Anyone else? I need more opinions please


----------



## Kouki S14 (Dec 24, 2004)

I think that rogoman is probably right. It sounds like your lifter/shim clearance may be too high. If you've somehow managed to wear down one or more it is very possible to make that noise at certain rpms. I would check it out soon, before it beats up your cam so bad you need a new one of those too.


----------



## Gerardo (Nov 25, 2004)

I took it to some local shop, and I was told that it was a normal noise, but I'm not sure about that, im going to take it to another shop, or may be i should just let it fuck up the engine so i can put a sr20det in


----------



## Gerardo (Nov 25, 2004)

Well, today I took the valve cover off, and I didnt find anything wrong with the valve/spring lifter/cams but I was shocked with what I found just laying there in the valve train, two metal pieces just floating around inside and one of then was between the chain and the engine wall, can you guys tell me what is this?
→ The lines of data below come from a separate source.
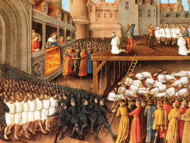 Richard Lionheart watchs on as 3.000 muslim captives are being executed at the city of Acre in 1090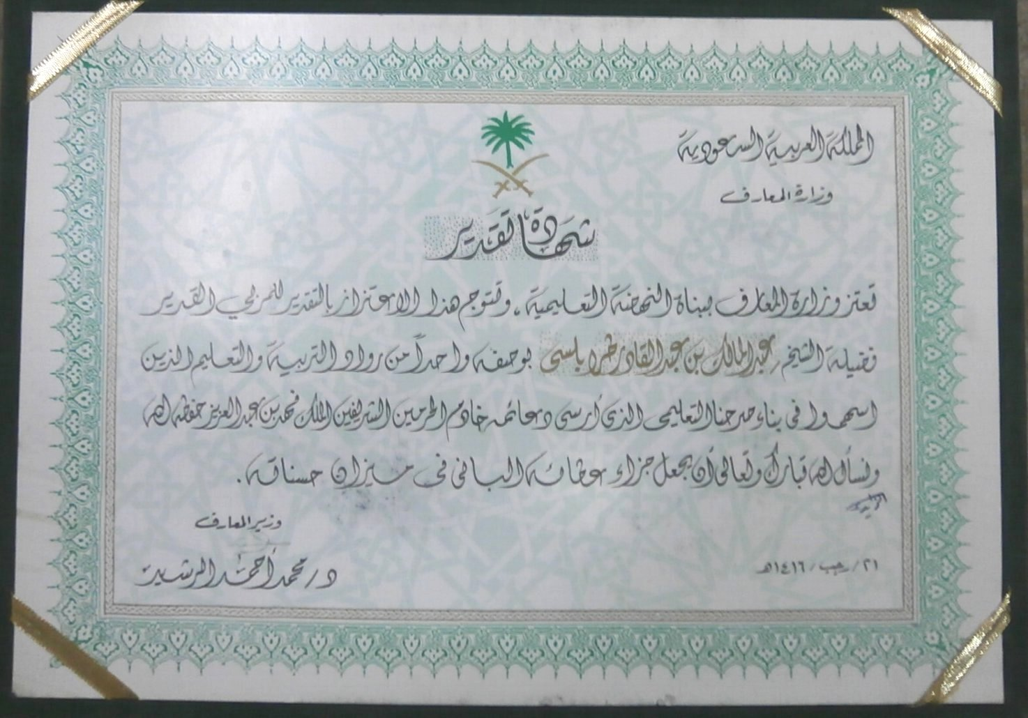 Tribute from Saudi Ministry of Education to Abdelmalik Benali Dec 1995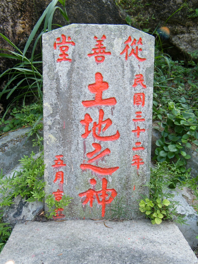 达濠万人墓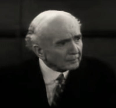 Emmett King in Manhattan Tower - cropped screenshot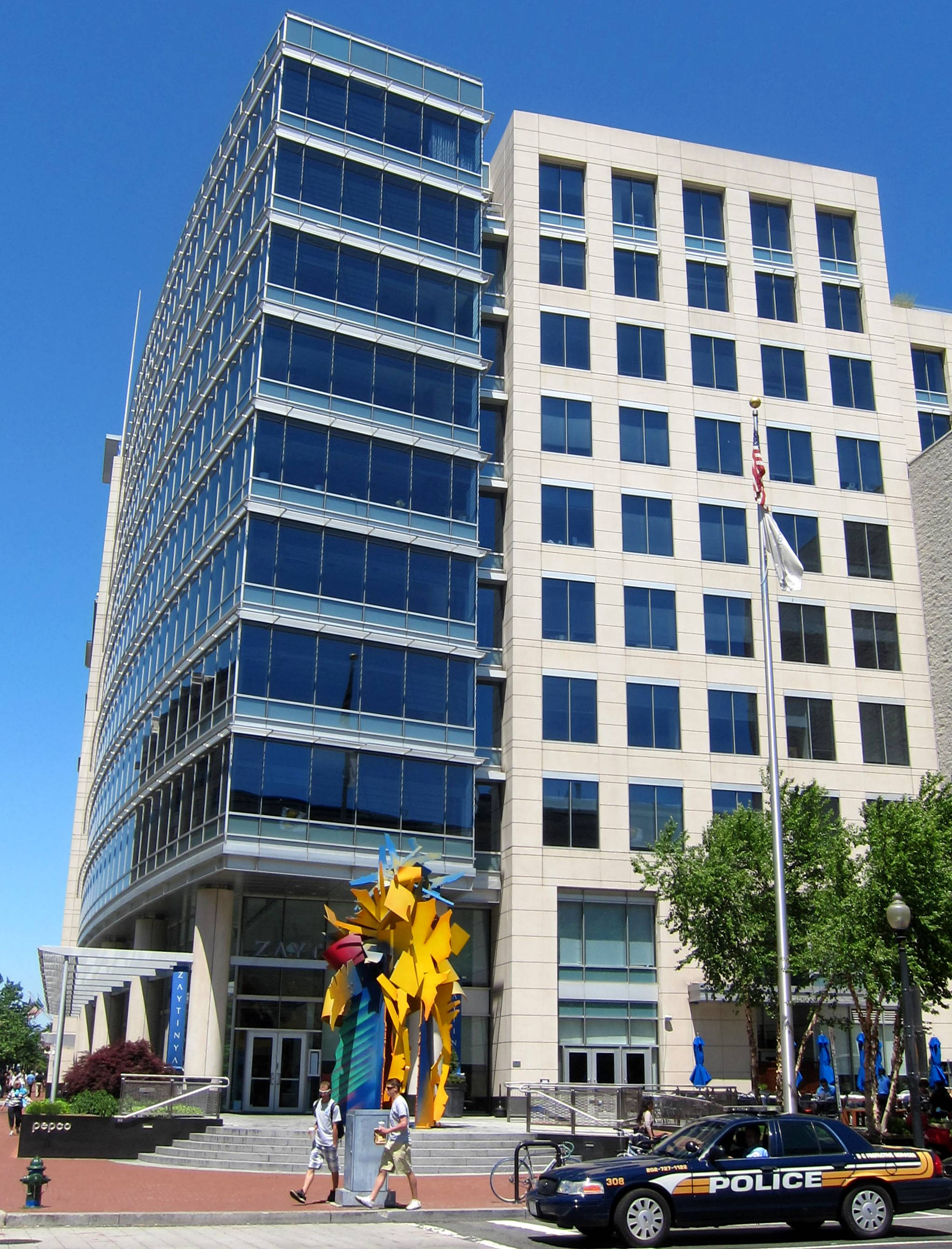 Headquarters of the Potomac Electric Power Company (PEPCO) located at 701 9th Street, N.W., in the Chinatown neighborhood of Washington, D.C. The 11-story, postmodern high-rise (commonly known as Edison Place or the PEPCO Building) was built in 2001 to the designs of architectural firm Devereaux & Purnel.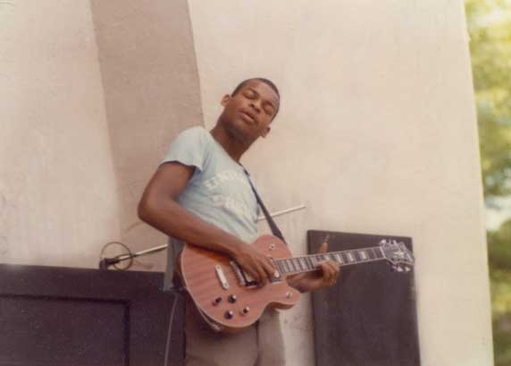 Arthur Rhames playing guitar at Prospect Park Band Shell

I cant believe that this was inside the engine!!!!!WTF?


----------



## rogoman (Dec 16, 2004)

Gerardo said:


> Well, today I took the valve cover off, and I didnt find anything wrong with the valve/spring lifter/cams but I was shocked with what I found just laying there in the valve train, two metal pieces just floating around inside and one of then was between the chain and the engine wall, can you guys tell me what is this?


Could be the top timing chain guide. If the motor did have one, it's not needed.


----------



## Gerardo (Nov 25, 2004)

I still have that noise, and nothing is wrong with the valve train, what should I look for this time?


----------



## rogoman (Dec 16, 2004)

Gerardo said:


> I still have that noise, and nothing is wrong with the valve train, what should I look for this time?
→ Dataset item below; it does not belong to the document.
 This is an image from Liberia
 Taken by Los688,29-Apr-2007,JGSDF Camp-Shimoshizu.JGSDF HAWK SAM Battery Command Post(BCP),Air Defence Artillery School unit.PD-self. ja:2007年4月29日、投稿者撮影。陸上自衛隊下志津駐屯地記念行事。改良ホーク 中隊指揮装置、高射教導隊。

When you had the valve cover off, did you check the valve lifter clearances?


----------



## Nismo240 (Jul 24, 2004)

those pictures you posted up were the timing chain guide. i had the same problem with the clicking noise and after i took it out, it quit making the noise.


----------



## Gerardo (Nov 25, 2004)

Nismo240 said:


> those pictures you posted up were the timing chain guide. i had the same problem with the clicking noise and after i took it out, it quit making the noise.
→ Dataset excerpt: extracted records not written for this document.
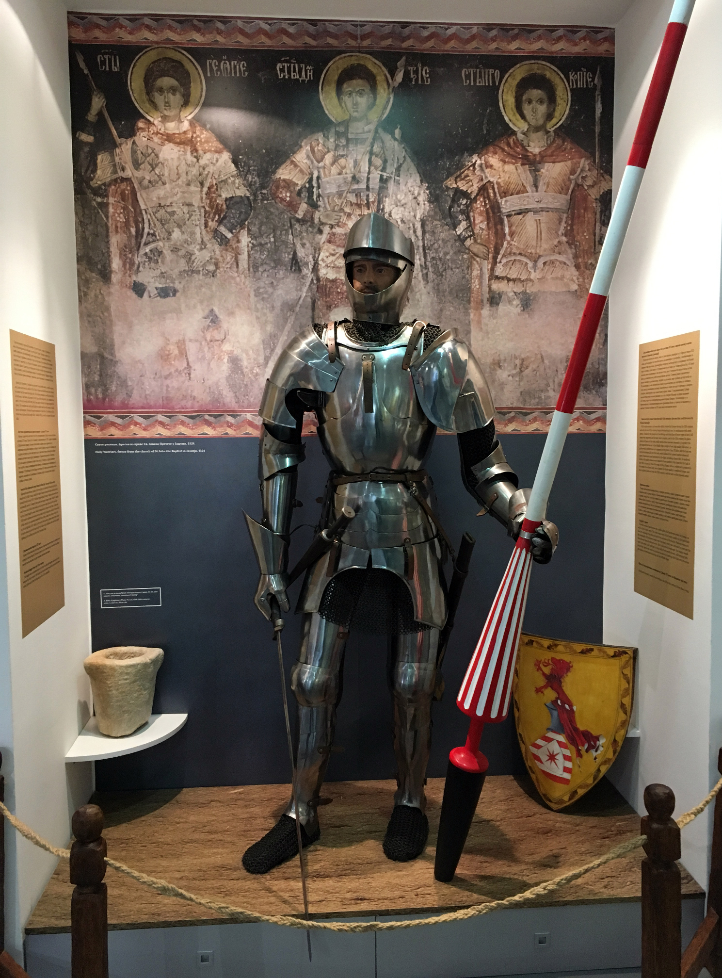 Armor of a Serbian knight from the 15th century, the city museum of Leskovac Српски (ћирилица): Оклоп српског витеза из петнаестог столећа, градски музеј у Лесковцу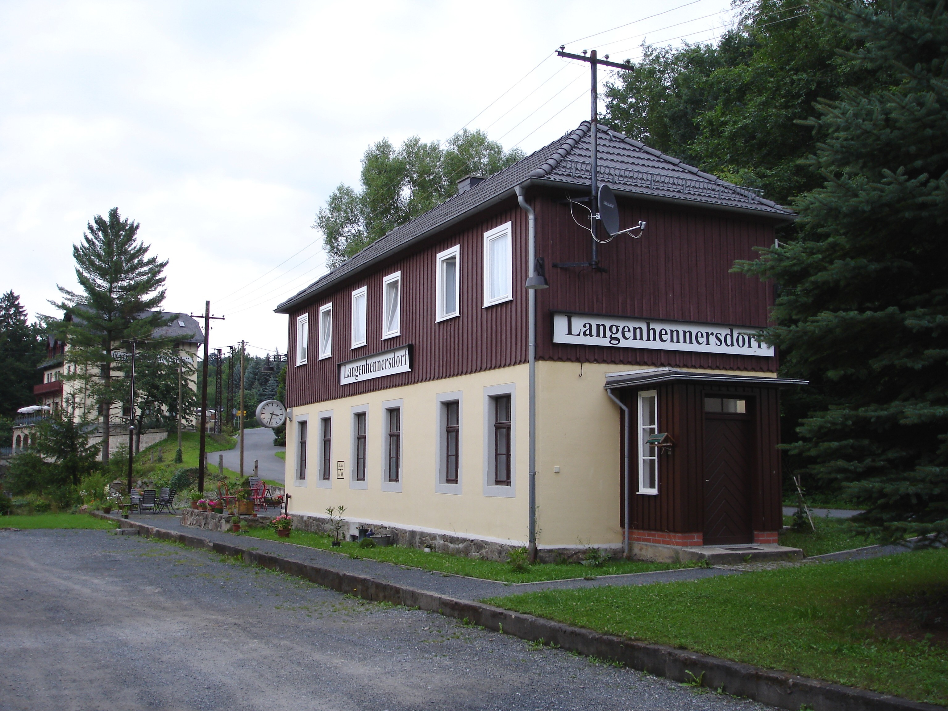 station Langenhennersorf, Gottleubatalbahn, Saxony, Germany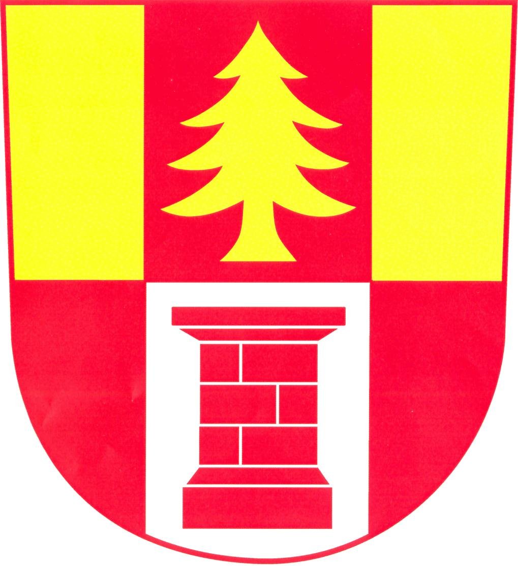 Coat of amrs of Nučice , District Prague East, Czech Republic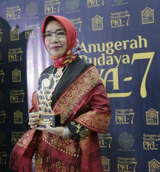 Indonesian Poetess Deknong Kemalawati at the Banda Aceh Cultural Prize Award Ceremony (2018)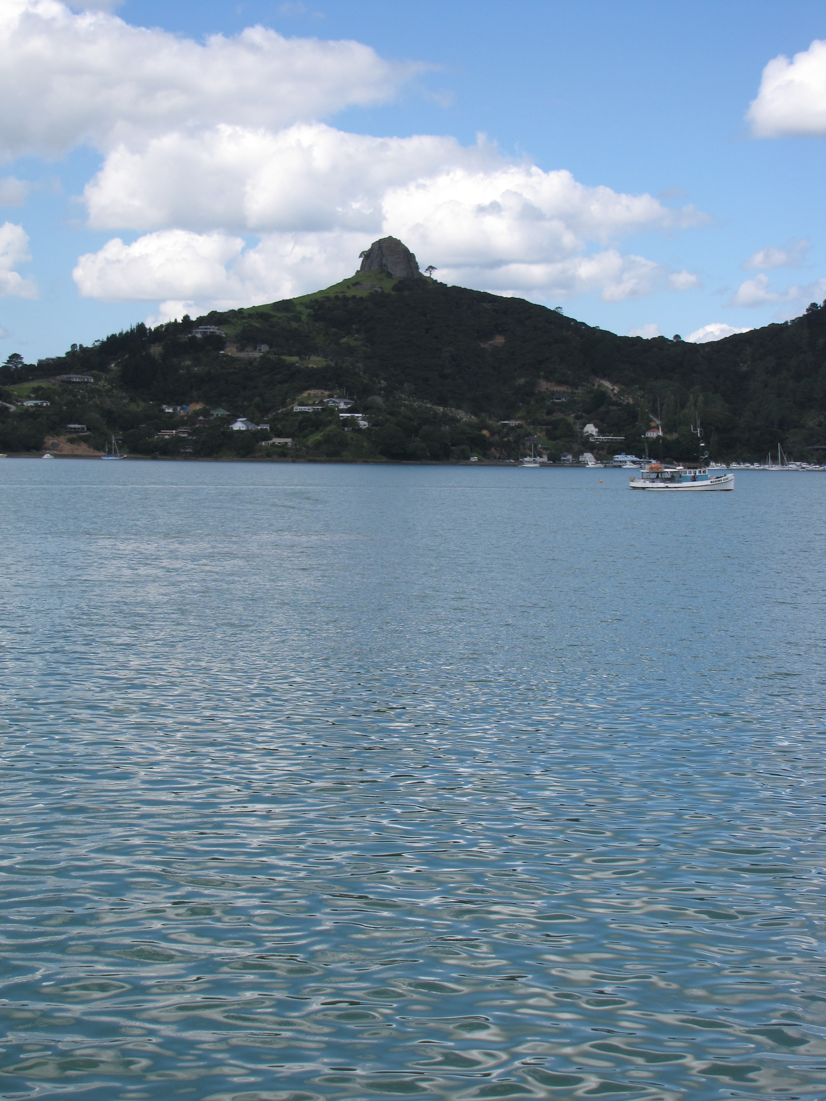 Whangaroa Harbour, Northland, New Zealand. The volcanic plug of St Paul rises over the settlement of Whangaroa.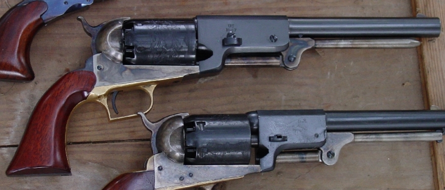 Uberti Percussion revolver including top to bottom, Colt Paterson, Colt Walker, Colt 3rd Variation Revolving Holster Pistol (Dragoon)

Everything looked fine under the valve cover, I dunno what else could it be


----------



## bridrive55 (Aug 26, 2004)

*Lifters?*

Yeah, have you checked the lifters? Mine clicked like hell.


----------



## justifide224 (Feb 18, 2005)

*Lifter Ticks*

I've got 'em too, although ticks normally aren't limited to a higher RPMs. They're practically harmless if that is the case.


----------



## Gerardo (Nov 25, 2004)

justifide224 said:


> I've got 'em too, although ticks normally aren't limited to a higher RPMs. They're practically harmless if that is the case.


Yeah, Ive been driving the car like that for abour 4k miles and it seems that the noise doesn't cause any trouble


----------



## justifide224 (Feb 18, 2005)

Gerardo said:


> Yeah, Ive been driving the car like that for abour 4k miles and it seems that the noise doesn't cause any trouble


I've actually talked to quite a few friends and quite a few mechanics and they all agree it's nothing to worry about. If you ever get the nerve to replace them you'll have a much quieter engine, but not entirely necessary.


----------



## SIR GTI-R (Jan 3, 2003)

you guy's shore it wasn't the rocker cover vent sheild's normaly bolted to under side of rocker cover might be a 10mm bolt floating round your rocker Assembly (i could be wrong haven't looked under the rocker cover's of mine to know what they look like :topic: )


----------